Inorder to create an VM Instance, Click Compute Engine | VM Instances | Create instances

Now choose an images that you need to create a VM. Once you created a VM, and made any changes you’d like, navigate to compute Engine menu in GCP and select Snapshot. Now While creating a snapshot, you have to specify name of snapshot, description, Source Disk for Snapshot and then click Create.

Below figure describes some example related to how to create a snapshot.

Whenever you create an instance, you must specify the project, so that your instance would be part of that Project.

Once you have VM instance, you must have a Zone Assigned. Zones may or may not comprised of one or more closely coupled Data Center and are located in respective regions.

A Region is a geographical location which contains Zones that are linked by low-latency, High-Bandwidth network connections.

In above figure, while creating Instance, you can see, we have to select the Regions and Zones.
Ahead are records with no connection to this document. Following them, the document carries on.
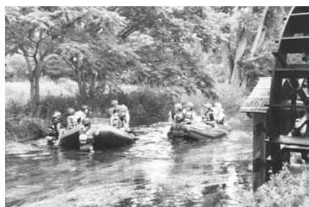
川面に響く子どもたちのラフティング体験

問 安曇野の水環境の魅力を味わうラフティング体験は、市民の関心が高かった。市民の関心をどのように見て、どのような展開にするのか、今後に生かすのか。また、共
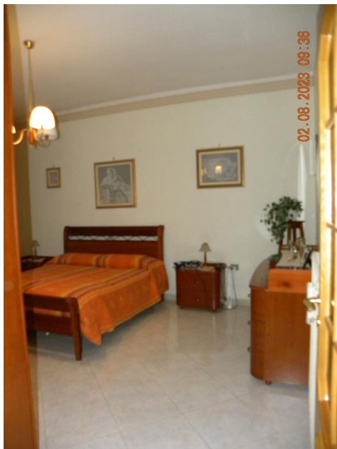
viste interne sub 3 (10)

Il bene oggetto della procedura esecutiva è un appartamento in Comune di Contursi Terme (SA) località Contrada Lauri snc, sito al pino primo di un fabbricato indipendente identificato rispettivamente al N.C.E.U. di Contursi Terme (SA) al foglio n.17 particella n.385 sub 3 cat. A3 classe 2 consistenza 10 vani sup. catastale 175 mq, rendita 748,86 euro.
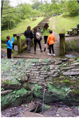
En la fuente de La Pinganiella

Desde allí iniciaremos descenso hasta el pueblo, donde comeremos en una amplia zona verde con cancha de baloncesto, varios futbolines, mesas de pimpón, pista de monopatín....una gozada para disfrutar y divertirse al aire libre. En el mismo área recreativa hay un campo de fútbol con una pequeña cafetería donde hacen bocadillos, así que si no queréis complicaros, podéis adquirirlos allí mismo. También hay varios bares con terraza en el pueblo.
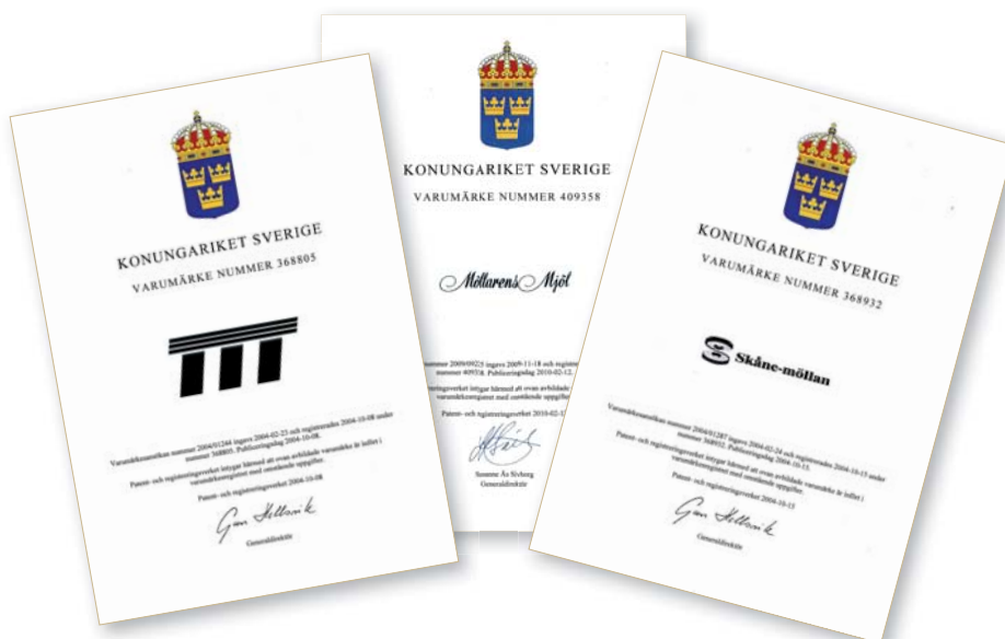
Skåne-möllans tre verksamhetsben är också registrerade varumärken. Vårt varumärke mot detaljhandel-och storkökgrossister, Möllarens Mjöl, blev registrerat i februari 2010.

Below are several factors that needs to be considered when choosing where to run your VM:

  • Cost must be considered as it can vary between Regions.
  • Data Locality Regulations, such as keeping Data
  • High Availability, if you are running multiple instance, and if you want to run them in multiple zones and possibility different regions. If one of the zones or regions become inaccessible, instance in other zones and regions can still provide services.
  • Latency: You must keep your data and instances, geographically close to application users, Inorder to reduce latency.

User Privileges

In order to create a Compute Machine, user must be part of same project and must have appropriate permissions to perform specific task.

Users can be associated with projects as follows:

  • Individual Users
  • A google Group
  • A G Suit domain
  • A Service Account

Once a user or set of users are added to a project, permission can be assigned, by granting roles to user or set of users.

Below are some predefined roles:

  • Compute Engine Admin: Users have full control over compute engine instance.
  • Compute Engine Network Admin: Users with this role can create, modify, and delete most networking resources, and provides read-only access to firewall rules, SSL Certifications. This role does not give user permission to create or alter instances.
  • Compute Engine Security Admin: Users with this role can create, modify and delete SSL Certificate and firewall rules.
  • Compute Engine Viewer: Users with this role, can get and list Compute Engine resources but cannot read data from those resources.

Preemptible Virtual Machines

They are short-Lived Compute instances for running certain types of Workloads- for applications that perform financial modeling, rendering, big-data, Web Crawling Operations.

If an application is fault-tolerant and can withstand possible instance interruptions (with a 30 sec warning), then using pre-emptible VM instances can reduce Google Compute Engine costs significantly.

Limitation:

Below are these Characteristics:

  • Can be terminated at any time. If they terminate within 10 min of starting, you will not be charged for that time.
  • Will be terminated within 24 hrs.
  • May not always be available and its availability may very across zones and regions
  • Cannot migrate to a regular VM
  • Cannot be set to automatically restart.
  • Are not covered by any service level agreement (SLA)

 Custom Machine:

Below are some Custom machine types available in GCP.

  • Standard Instance
  • High-Memory Machines
  • High-CPU Machines
  • Shared Core Type
  • Memory Optimized Machine

Below is some example of Custom Machines.

  • N1-standard-1 has 1 vCPU and 3.75 GB of Memory.
  • N1-standard-32 has 32 vCPU and 120 GB of Memory
  • N1-highmem-32 has 32 vCPU and 208 GB of Memory
  • N1-highcpu-32 has 32 vCPU and 28.8 GB of Memory

APP Engine

It is the PaaS Compute Service, which provides a managed platform for running Applications. When using APP engine, Application is main focus and not VM that runs Application. In this Application owner provides some requirements along with code and Google manages the resources requires to run the code.